Quick guide to Brexit

What’s Brexit?

The UK voted to leave the European Union in a referendum (a general vote by the electorate on a single political question which has been referred to them for a direct decision) in June 2016 where a narrow majority (52%) of the voting population voted to leave the European Union organisation.

The process to enable this disentanglement of UK processes and EU processes is known as BREXIT. 

The process should have led to the UK leaving the union on the 29th March 2019, however as the process needed agreement in the UK Parliament and this proved to be very contentious, the dates got revised to finally the 31st January 2020. Subsequently, there is a 12 month period to agree on final terms of the trading agreement which would determine how we do business with the rest of the EU under our new independent status. This period is due to end on the 31st of December so the new trading agreement is due to start on the 1st of the new year 2021.

What else is there to know?

You might hear several mentions of a Canada set of rules or Norway trading agreement, these are both non-EU countries that successfully trade with the EU, and therefore some of the models of trade they use have been examined to develop our own.

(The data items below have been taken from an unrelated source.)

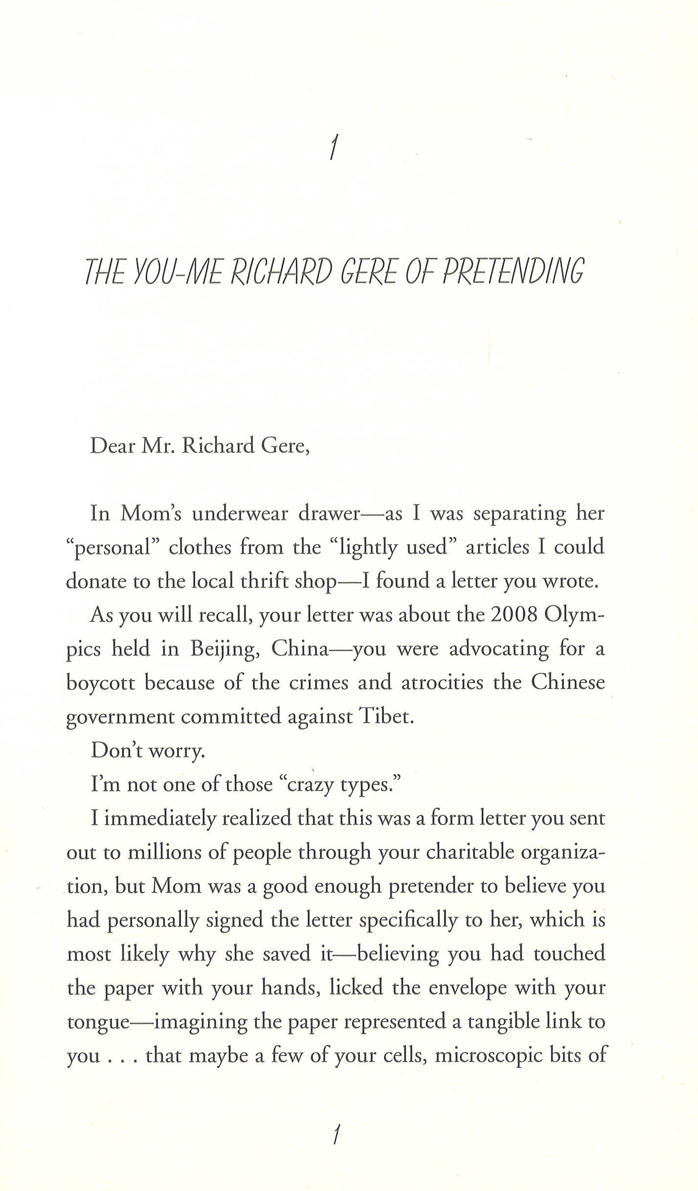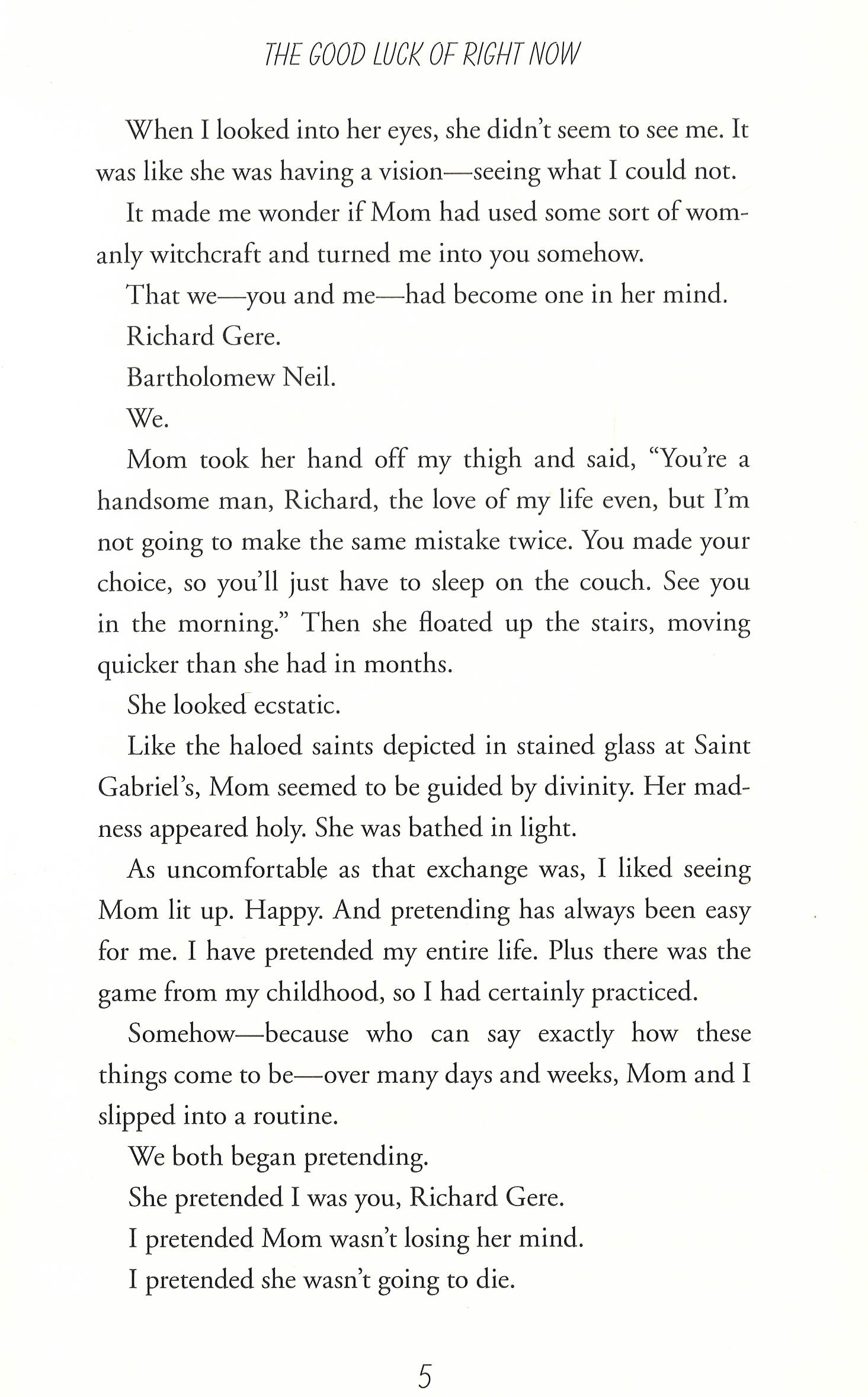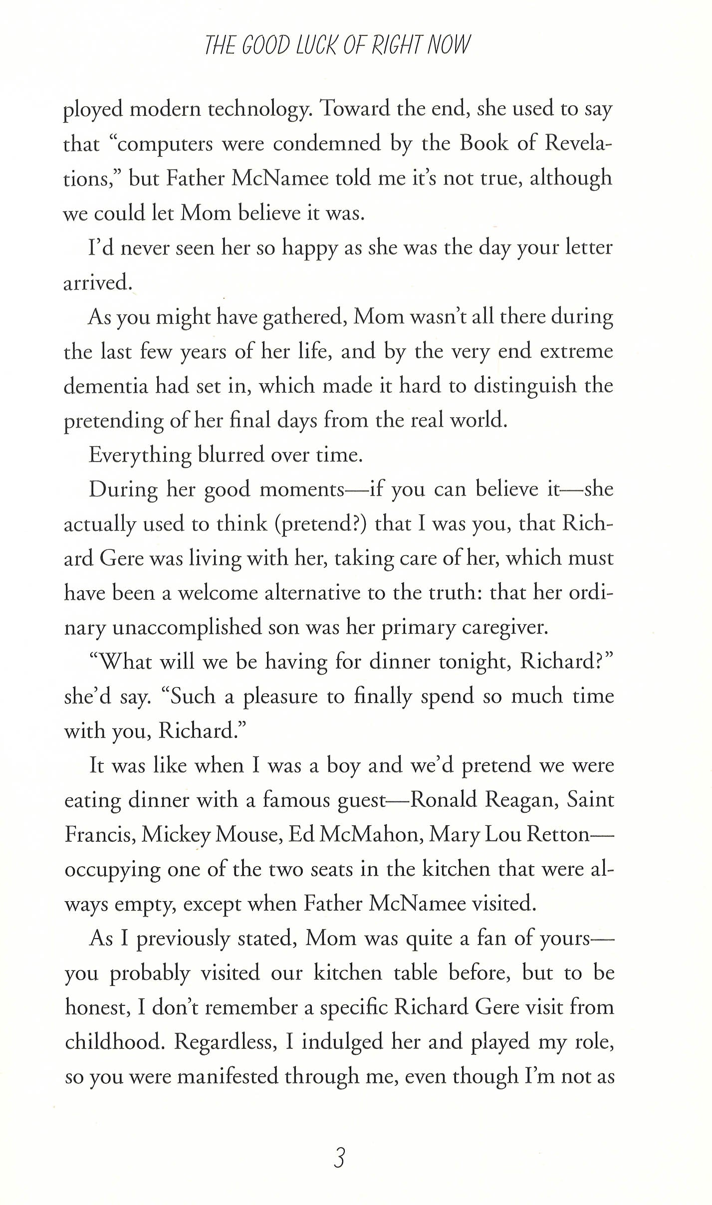 For thirty-eight years, Bartholomew Neil has lived with his mother. But when she dies, he has no idea how to be on his own. His grief counsellor, Wendy, says he needs to find his flock and leave the nest. But how does a man whose whole life has been grounded in his mom, Saturday mass, and the library learn how to fly? Bartholomew thinks he's found a clue when he discovers a "Free Tibet" letter from Richard Gere hidden in his mother's underwear drawer. Believing that the actor is meant to help him, Bartholomew awkwardly starts his new life, writing Richard Gere a series of highly intimate letters. Philosophy and faith, alien abduction and cat telepathy, the Catholic Church and the mystery of women, are all explored in his soul-baring epistles. But mostly the letters reveal one man's heart-breakingly earnest attempt to assemble a family of his own. Eventually a family of sorts assembles, and Bartholomew is joined by this unlikely crew of companions on his quest to find his biological father... but what they discover is so much more.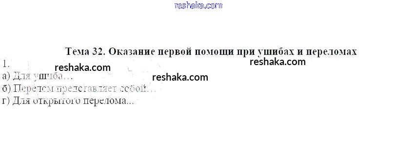 Представляем вам сборники по ОБЖ, с готовыми ответами к Рабочей тетради Демидов школьной программы для учеников седьмой класса. Это не просто гдз с ответом, а с подсказками, как верно решить Тема 32. Оказание первой помощи при ушибах и переломах 1. Проверяй домашку с умом и получай высший балл!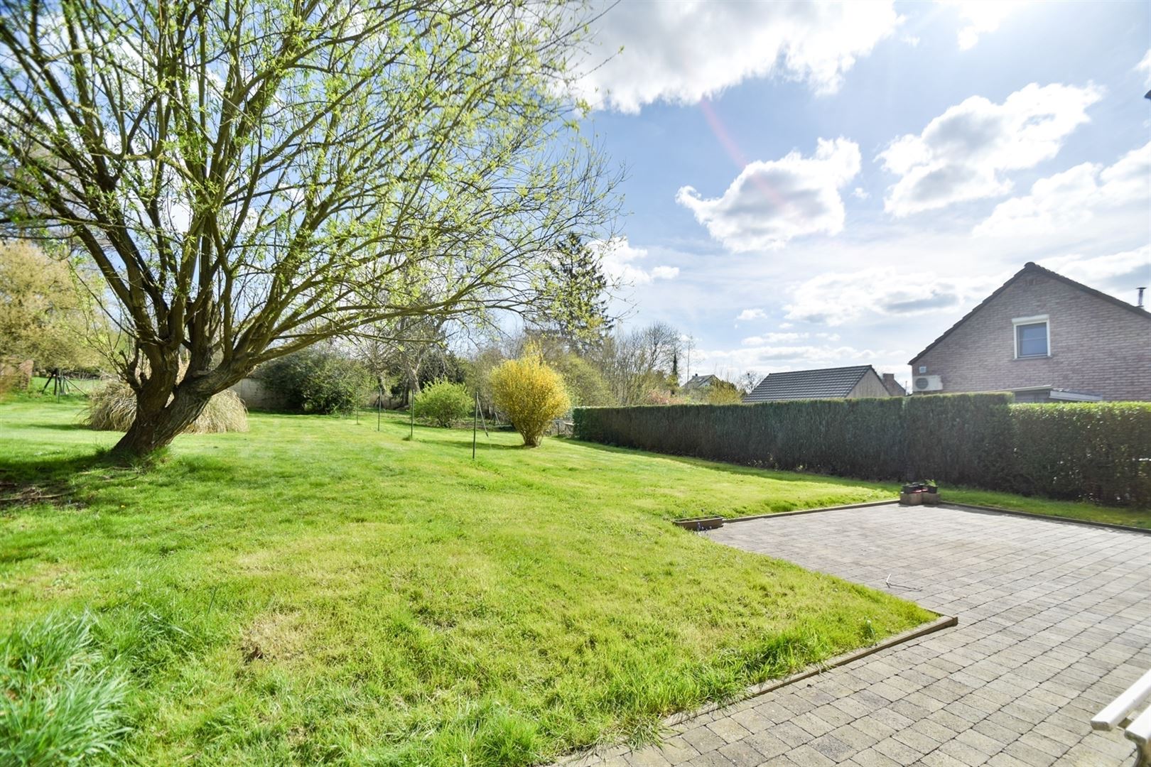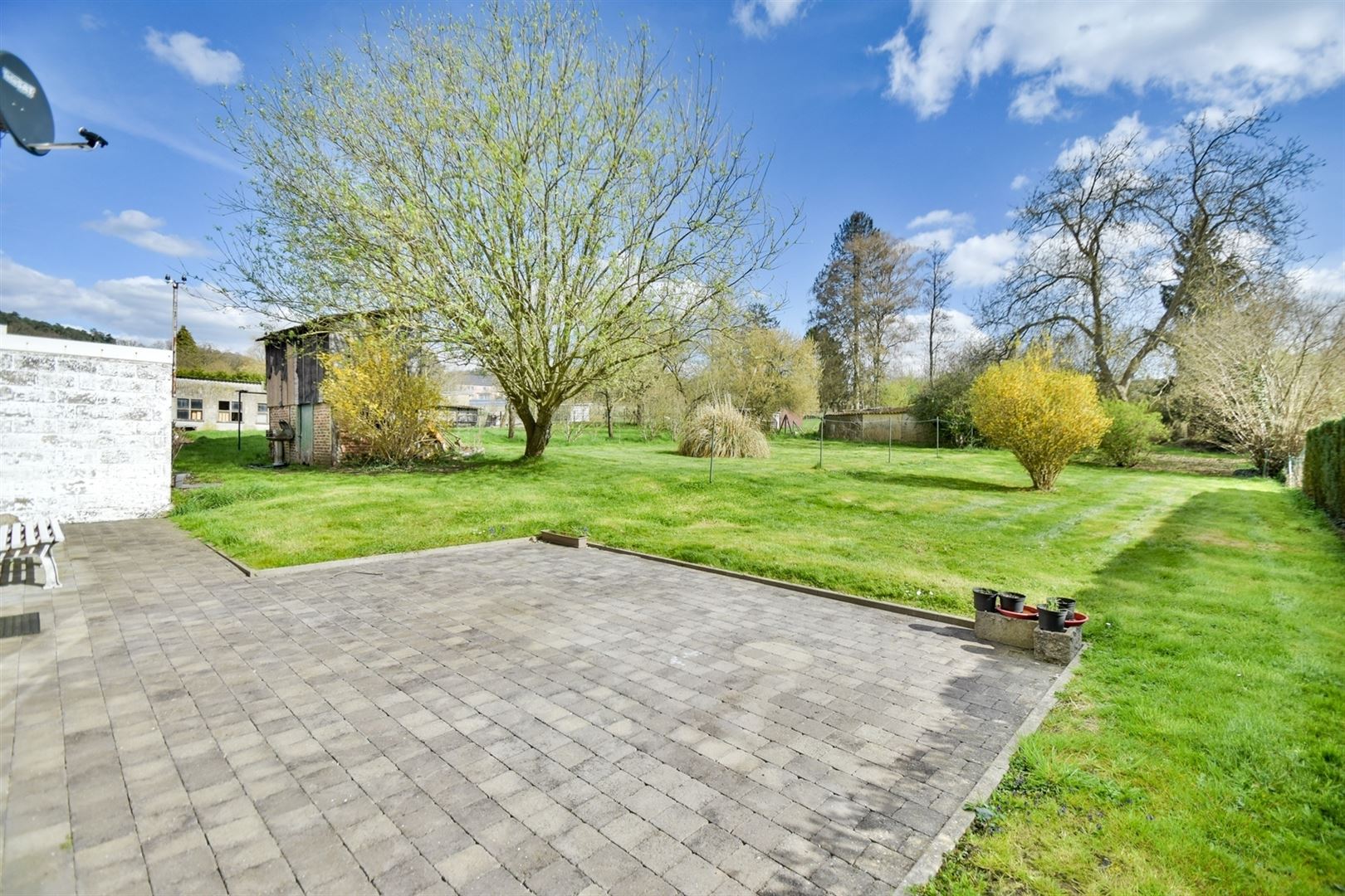 A l'extérieur: terrasse de 30 m², vaste jardin de +- 13 ares idéalement orienté Sud-Est ainsi qu'une remise de 30 m².

You might also hear of a No Deal Brexit, which would be the case where we fail to agree on a set of trading rules by the end of the year and then have to default to the World Trade Rules, which are a general set of rules used by the rest of the world for any trade between countries which don’t have a trading agreement in place. Whist trading agreements are the most important element of the agreements and vital to the economic prosperity of both sides, the agreement also has an element which governs how we manage other aspects of European cooperation like, immigration, legal systems, defense pact’s, farming and health standards.